> _Data shown_
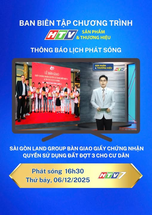Chương trình “Sản phẩm & Thương hiệu” trên HTV7 sẽ chính thức phát sóng phóng sự về Lễ bàn giao Giấy chứng nhận Quyền sử dụng đất (sổ đỏ) đợt 3 của Khu nhà ở Sài Gòn Land 2.
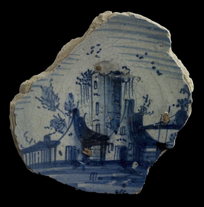 Fragment majolica bord, blauw op wit, landschap met ...
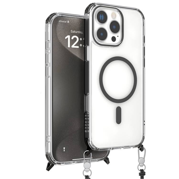 Levelo Celeste MagSafe Case with Crossbody Strap for iPhone 16 Pro Max, AirGuard Technology, Metal Hook, Durable Material - Black

> _Problem statement_
In the copy, include exactly the lines from the one with "Fragment majolica bord, blauw" through the final line of the data, both ends included, and no pictures.

> _Task response_
 Fragment majolica bord, blauw op wit, landschap met ...
 Levelo Celeste MagSafe Case with Crossbody Strap for iPhone 16 Pro Max, AirGuard Technology, Metal Hook, Durable Material - Black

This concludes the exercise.